6. Het beroep is gegrond en de rechtbank vernietigt het bestreden besluit. De rechtbank ziet geen aanleiding de rechtsgevolgen van het bestreden besluit in stand te laten of zelf in de zaak te voorzien. Ook ziet de rechtbank geen aanleiding om een bestuurlijke lus toe te passen. Verweerder zal daarom een nieuw besluit moeten nemen met inachtneming van deze uitspraak. De rechtbank stelt hiervoor een termijn van drie maanden.
7. De rechtbank veroordeelt verweerder in de door eiser gemaakte proceskosten. Deze
kosten stelt de rechtbank op grond van het Besluit proceskosten bestuursrecht voor de door
een derde beroepsmatig verleende rechtsbijstand vast op € 1.518,- (1 punt voor het indienen
van het beroepschrift en 1 punt voor het verschijnen ter zitting, met een waarde van € 759,-
en een wegingsfactor 1).
verzoek om een voorlopige voorziening
8. Nu de rechtbank beslist over het beroep, dit gegrond verklaart en het bestreden besluit vernietigt, is het treffen van een voorlopige voorziening niet meer nodig. De voorzieningenrechter wijst het verzoek daartoe daarom af.
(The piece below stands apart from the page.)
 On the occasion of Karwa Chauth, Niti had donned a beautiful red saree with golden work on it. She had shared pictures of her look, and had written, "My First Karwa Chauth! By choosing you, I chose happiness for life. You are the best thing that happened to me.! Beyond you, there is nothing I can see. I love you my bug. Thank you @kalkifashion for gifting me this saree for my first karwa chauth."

9. Wel is er aanleiding verweerder te veroordeling in de door eiseres gemaakte proceskosten. Deze kosten stelt de voorzieningenrechter op grond van het Besluit proceskosten bestuursrecht, voor de door een derde beroepsmatig verleende rechtsbijstand, vast op € 759,- (1 punt voor het indienen van het verzoekschrift met een waarde per punt van € 759,- en wegingsfactor 1).